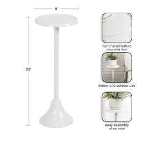 Mesa de bebidas moderna com pedestal de metal Kate and Laurel Sanzo, 9 x 9 x 23, mesa de martini branca decorativa com mesa martelada para uso como suporte de plantas de interior ou minimesa de sala de estar
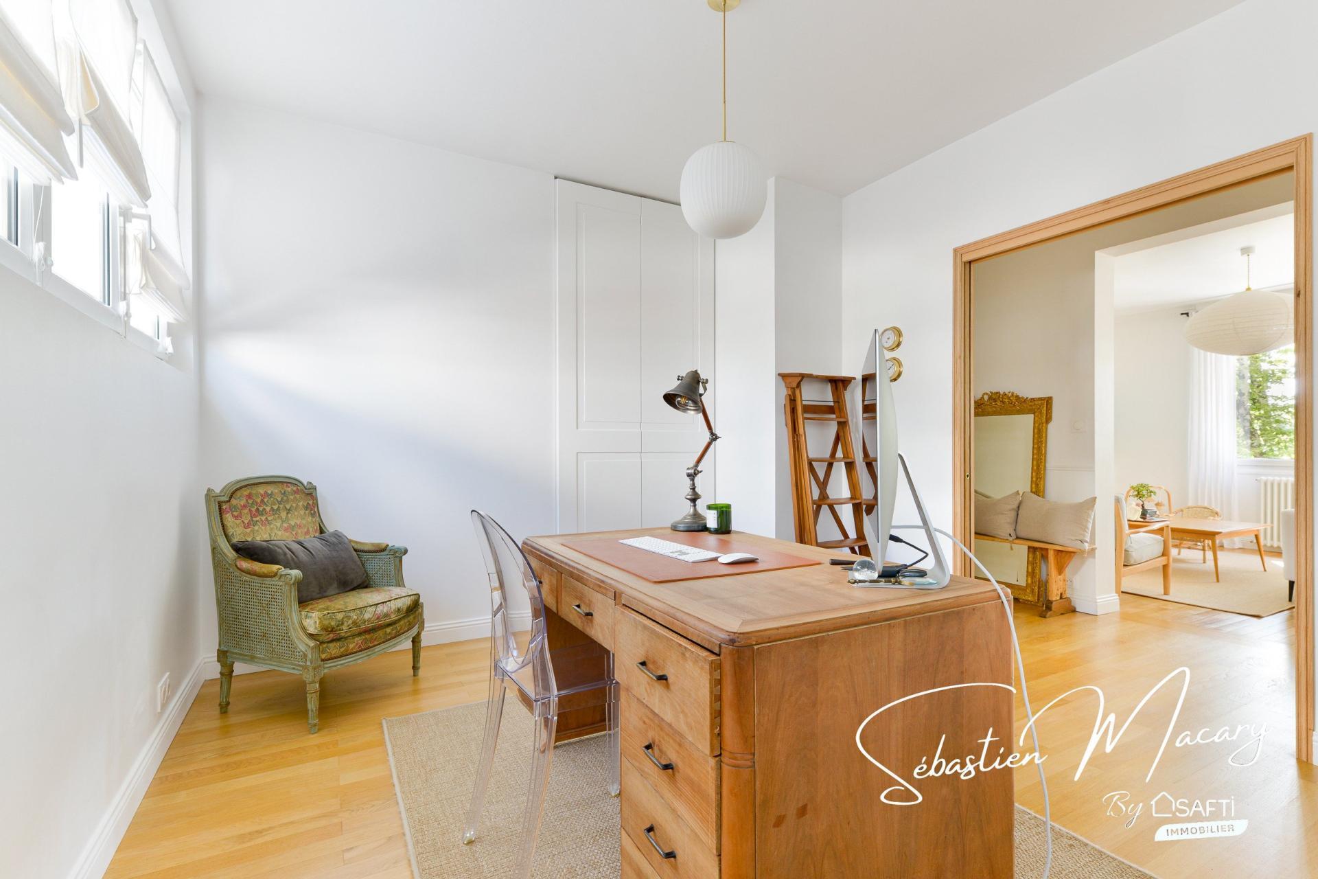 Rénovation haut de gamme, parquet véritable, 2 chambres + bureau, box fermé avec borne de recharge, emplacement idéal.
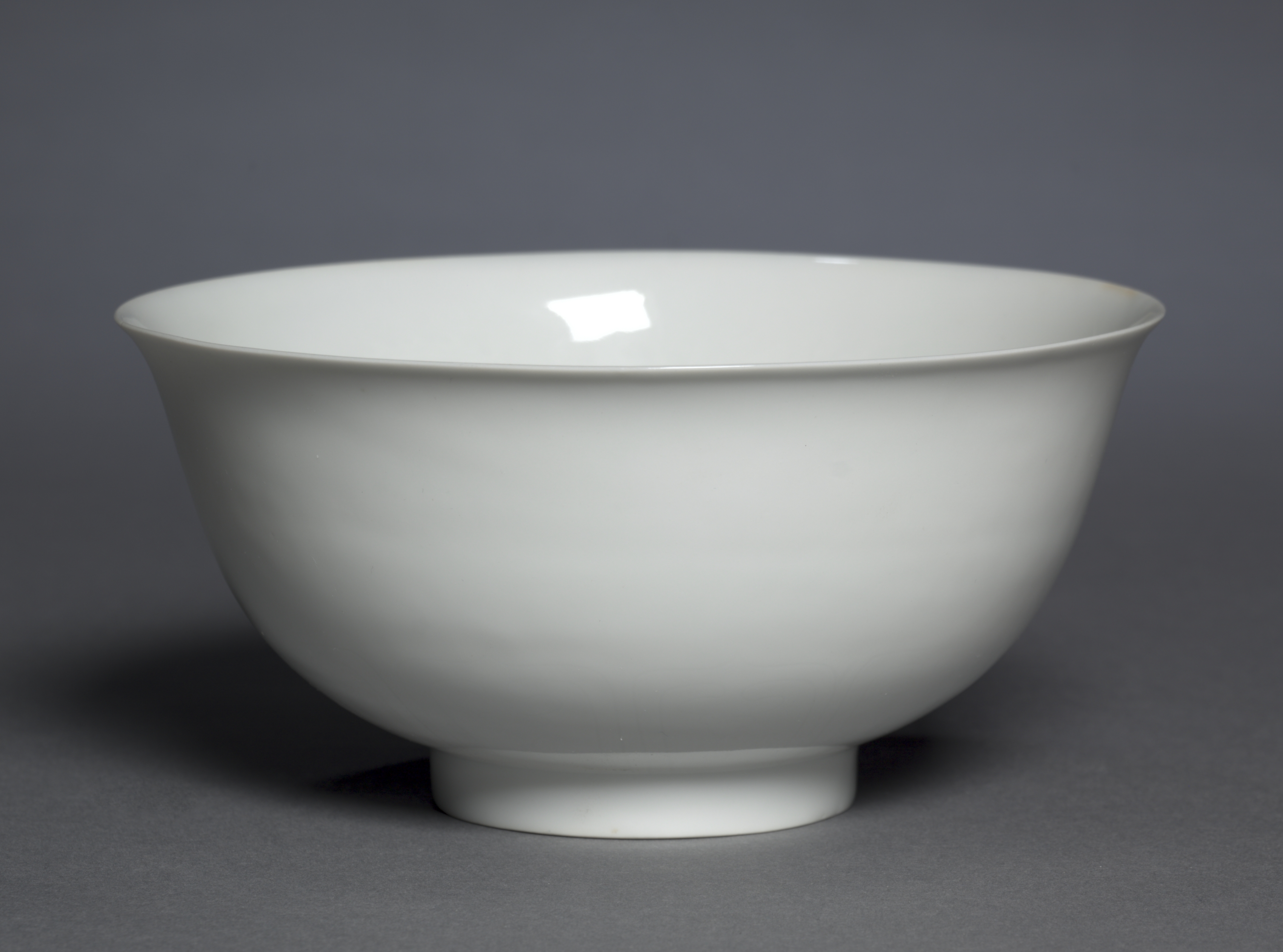 Bowl with Dragons and Clouds, a white porcelain bowl with a wide mouth and a narrow base, is depicted. The bowl's exterior and interior are smooth and glossy. It has no visible patterns or designs on the visible surface. The bowl is positioned on a gray surface against a gray background.
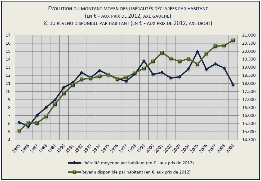 La tendance générale des deux courbes est, entre 1985 et 2009, semblable ; on constate une croissance globale du revenu disponible par habitant et une croissance globale du montant moyen des libéralités déclarées par habitant.
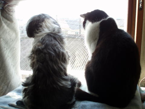 写真を掲載ついでに、今朝『ごん』と『ぶっちゃん』が何やら窓の外を眺めていたところをパチリ
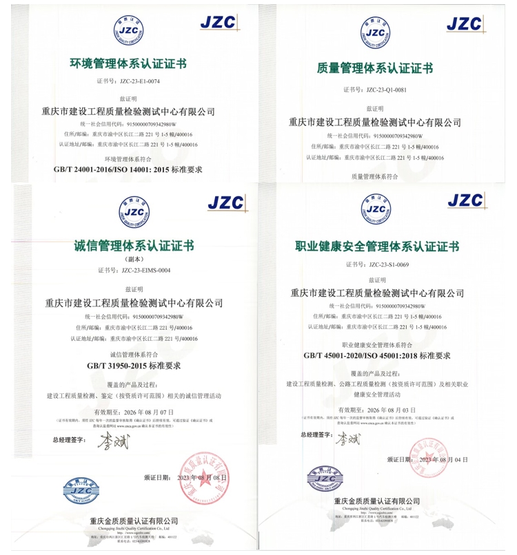 重慶市建設工程質量檢驗測試中心有限公司順利通過質量、環境、職業健康安全、誠信管理體系現場評審
****
### Assignment
Please repeat, exactly and with nothing else, the lines from the one containing "写真を掲載ついでに、今朝『ご" to the last line of the entries, both included, excluding any pictures.

### Exercise output
 写真を掲載ついでに、今朝『ごん』と『ぶっちゃん』が何やら窓の外を眺めていたところをパチリ
 重慶市建設工程質量檢驗測試中心有限公司順利通過質量、環境、職業健康安全、誠信管理體系現場評審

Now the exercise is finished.